# Carbon rods or tubes?



## Durhampro (May 9, 2009)

You could always use arrows and make a Doinker Quadraflex style stabilizer.


----------



## Cylosis (Jan 5, 2014)

Durhampro said:


> You could always use arrows and make a Doinker Quadraflex style stabilizer.


I'm using Centralizers right now, the flexibility is what's got me wanting to make new ones.


----------



## cc46 (Jan 22, 2005)

I've taken used ski poles, both aluminum and carbon, cut them and epoxied threaded rods or bolts in them to make stabilizers.
I am thinking of just 5/16 x 24tpi steel rods for side stabilizers. And thinking a fat aluminum arrow shaft over them to dress it up. 

Years back 1/4x20tpi steel rods with 2014 or 1914 shaft over were commonly used as a diy.

Some have used golf club shafts.....haha I was in a Re-store recently and they had new golf clubs in a bin for $2/ea, 3 for $5....tempted to by the bunch, but didn't. 

The used ski poles I got at yard sales and a Goodwill store, $5 a pair. 

Look around and see what you can find and cut them up.
Good luck


----------



## cc46 (Jan 22, 2005)

On a whim while driving, I pulled into a Swiss Chalet to pick up dinner. While waiting for my chicken, I walked into a "Goodwill Store" next door, and in a corner there was a stand of about 20 pairs of skis and 15 pairs of poles....I picked up 2 pairs of poles. Paid $6 a pair. Later on the weekend, a trip to the local Home Depot, I was disappointed no 5/16" x 24 TPI hardware only the course thread 18 TPI stuff. So the project is on hold. ...... but Brafasco is not too far away. hmmmm

For the dampening, I'm thinking of filling the voids between the ski pole and the threaded rod with chaulking, yup it should be good for 20-30 years of being "rubbery" enough and not dry out too much. I have about 4 kinds of chaulking for inside and outside, latex, silicone, clear, brown, almond etc. I also stumbled across gas line hoses for lawn mowers etc.... hmmm again. Rubbery hoses...could be a doinker no? Thread a rod part way through each end? 

Thinking out load, if I get the stuff together I'll post some pictures.


----------



## araz2114 (Jan 13, 2003)

I purchases a carbon rod from www.carbontube.com. The service was good and the product was good also. But yes, it is an American company.. shipping wasn't a deal... It's been a few years since I bought them. I bought a 60" one.


----------



## Cylosis (Jan 5, 2014)

araz2114 said:


> I purchases a carbon rod from www.carbontube.com.
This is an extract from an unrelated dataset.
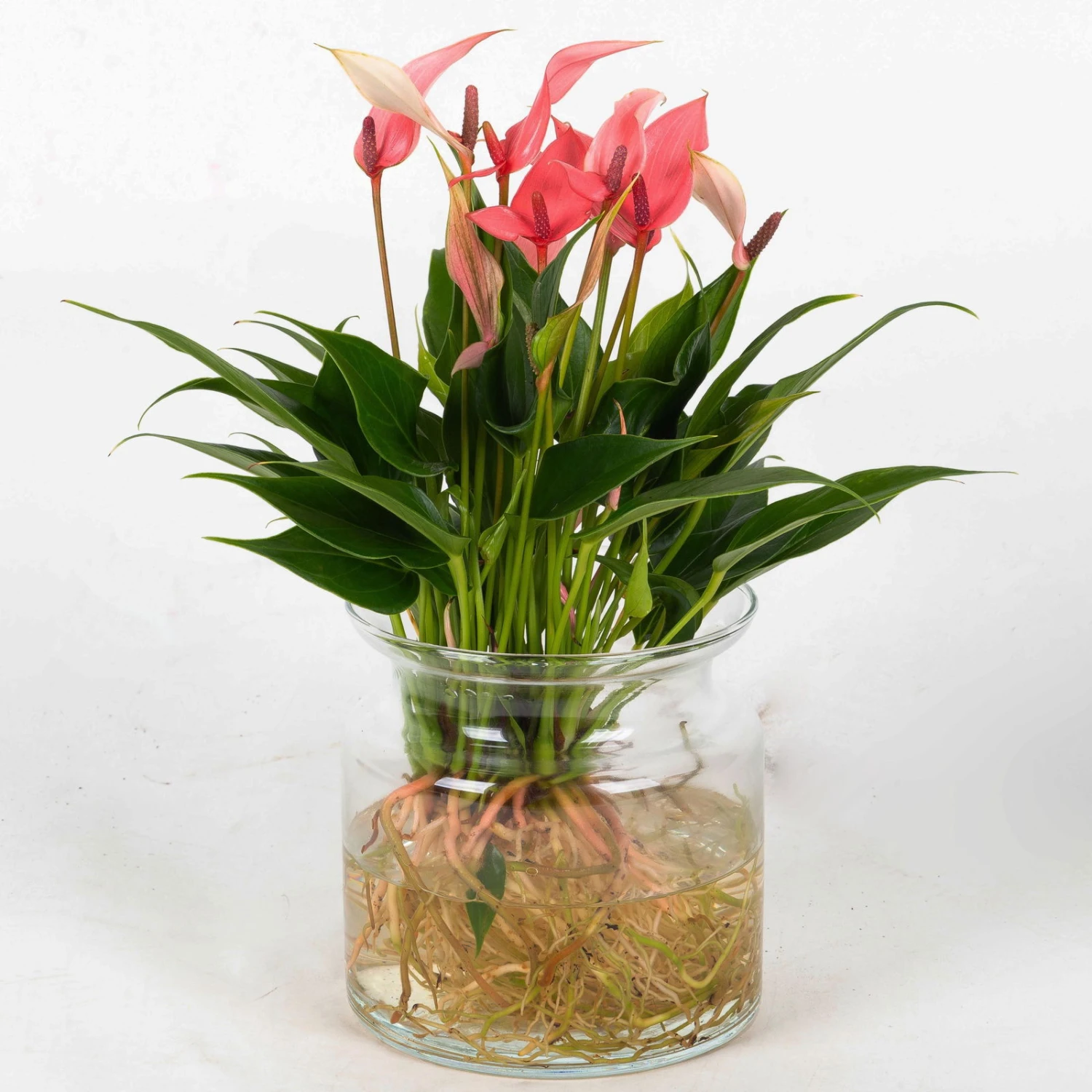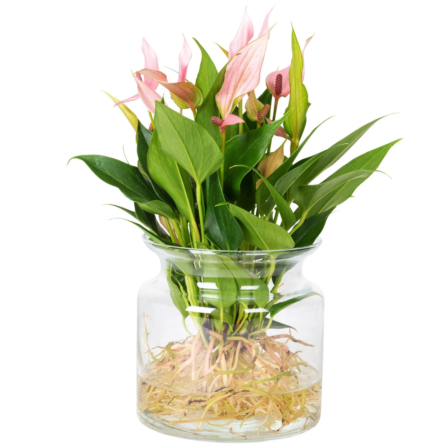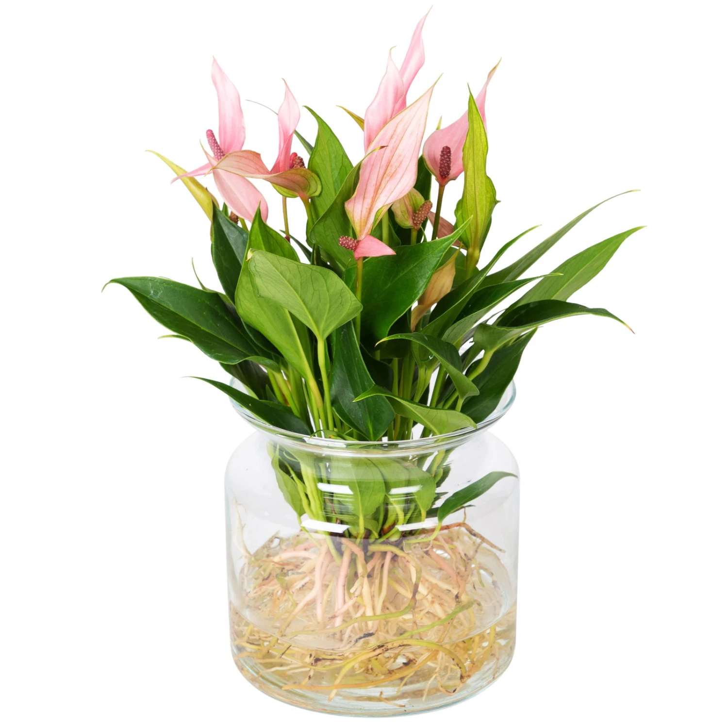 Anthurie ‚Water Roots‘ Rosa, Sorte ‚Lilli‘, In Glasvase 12cm Ø, Ohne Erde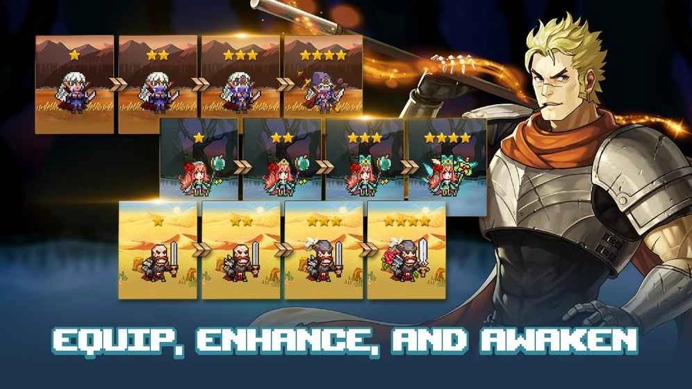 3、打造终极团队,邀请你在旅程中邂逅的冒险家们加入你的队伍。无论是尊贵的骑士,还是身手敏捷的弓箭手,亦或是充满神秘色彩的巫师。

The service was good and the product was good also. But yes, it is an American company.. shipping wasn't a deal... It's been a few years since I bought them. I bought a 60" one.


Looks like the domain is for sale. Have they gone out of business? Can you get such a long package through regular post?


----------



## araz2114 (Jan 13, 2003)

I got the tube in the mail no problem. 
I got that web address incorrect... here is the site I purchased my carbon rods from http://www.carbonfibertubeshop.com


----------



## cc46 (Jan 22, 2005)

Fyi.....I've made a prototype, with an aluminum ski pole, bolts, epoxy and caulking, rubber and metal washers. Looks great so far, going to shoot it on the weekend. Also have 5/16x24tpi rods on order at brafasco.

Thinking also of 1/2" copper. That'll be phase 2.


----------



## cc46 (Jan 22, 2005)

https://www.facebook.com/chuck.coop...0202923185016789.1073741828.1117935754&type=3
Hope the link works. Progress so far.


----------